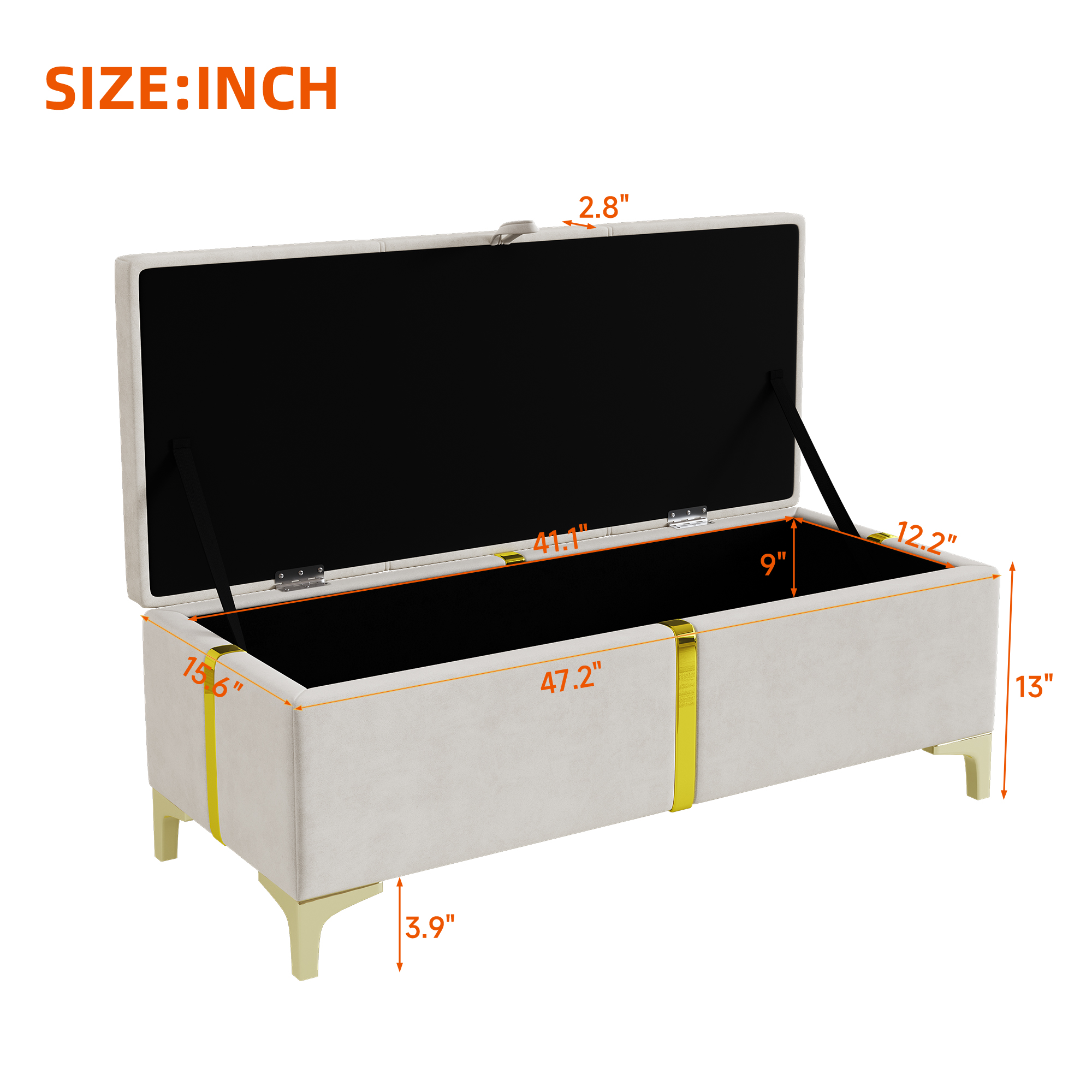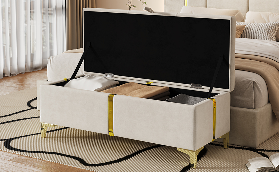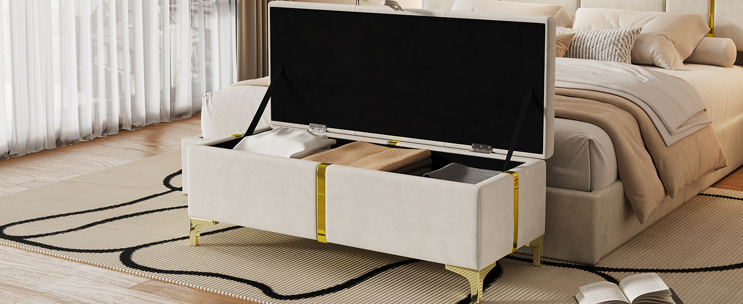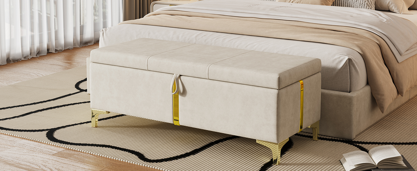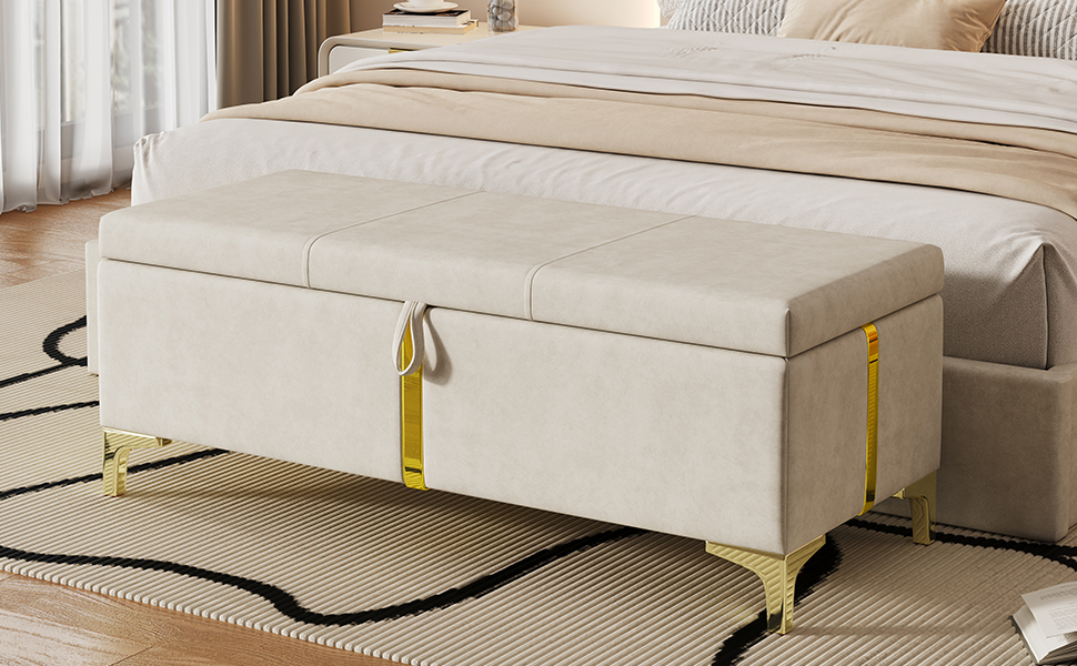 Product Name:Elegant Upholstered Storage Ottoman,Storage Bench with Metal Legs for Bedroom,Living Room,Fully Assembled Except Legs,Beige
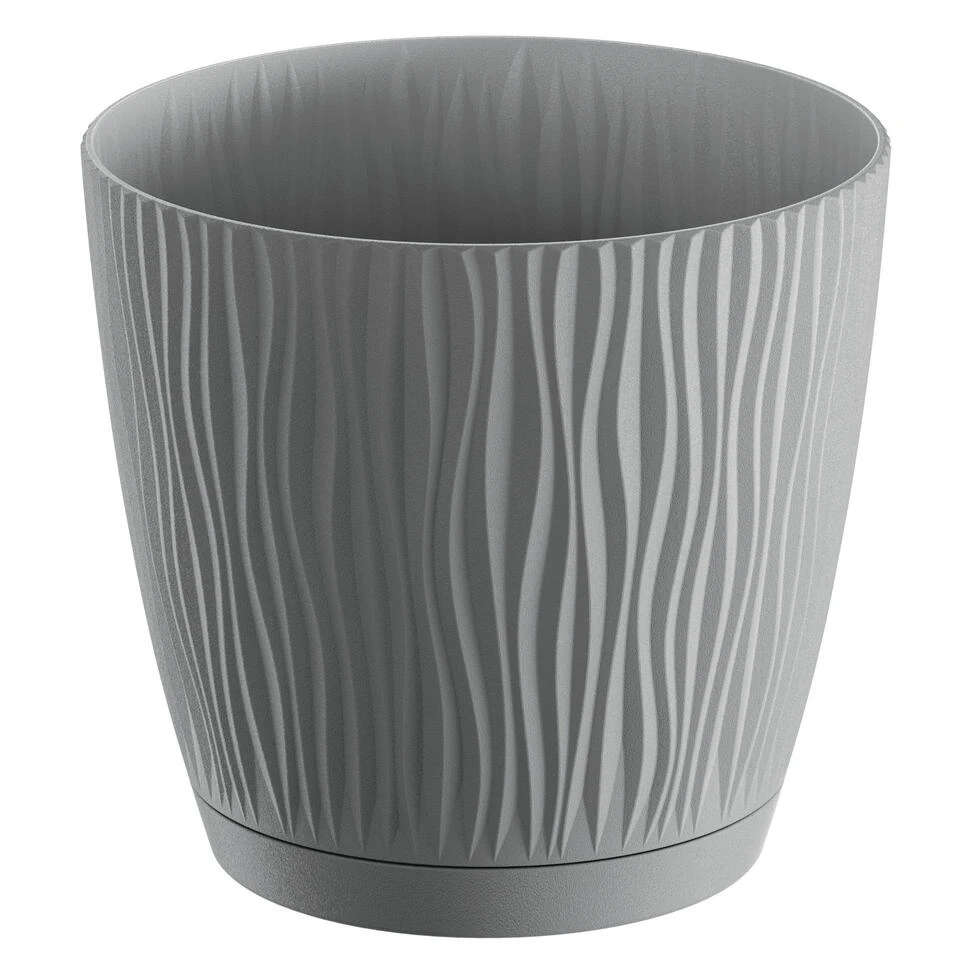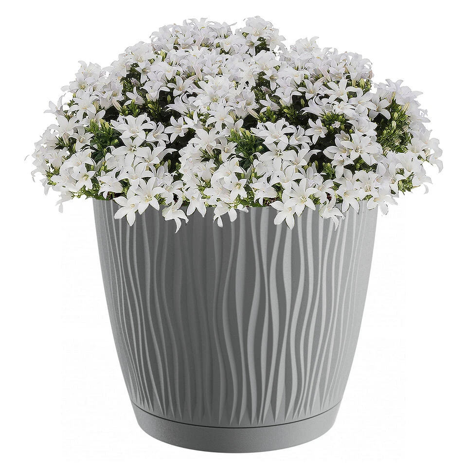 Stijlvolle kunststof plantenpot/bloempot dia 24 cm/hoogte 22.5 cm Waves steengrijs. Geschikt voor buiten en binnen. Vorstbestendig ja. Mooie plantenpotten voor in de tuin, balkon, kantoor of in de woonkamer.
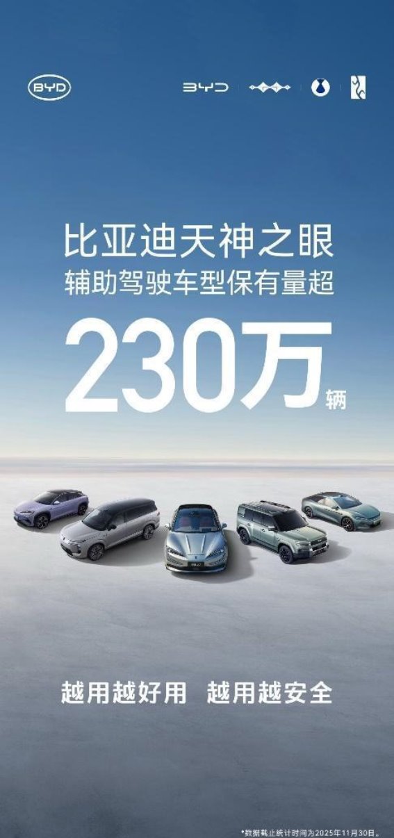 截至2025年11月,比亚迪“天神之眼”辅助驾驶系统的累计装车量突破230万辆,稳居中国市场辅助驾驶系统销量的榜首。这一成绩不仅是比亚迪智能驾驶技术快速发展的体现,也反映出其“全民智驾”战略的成功实施。随着技术的不断发展和市场需求的日益增大,智能驾驶正加速从高端配置向主流市场普及。

§ Work to complete
Extract, word for word, each line from the top of the data down to and including the line with "Stijlvolle kunststof plantenpot/bloempot"; skip the pictures.

§ Reply
 Product Name:Elegant Upholstered Storage Ottoman,Storage Bench with Metal Legs for Bedroom,Living Room,Fully Assembled Except Legs,Beige
 Stijlvolle kunststof plantenpot/bloempot dia 24 cm/hoogte 22.5 cm Waves steengrijs. Geschikt voor buiten en binnen. Vorstbestendig ja. Mooie plantenpotten voor in de tuin, balkon, kantoor of in de woonkamer.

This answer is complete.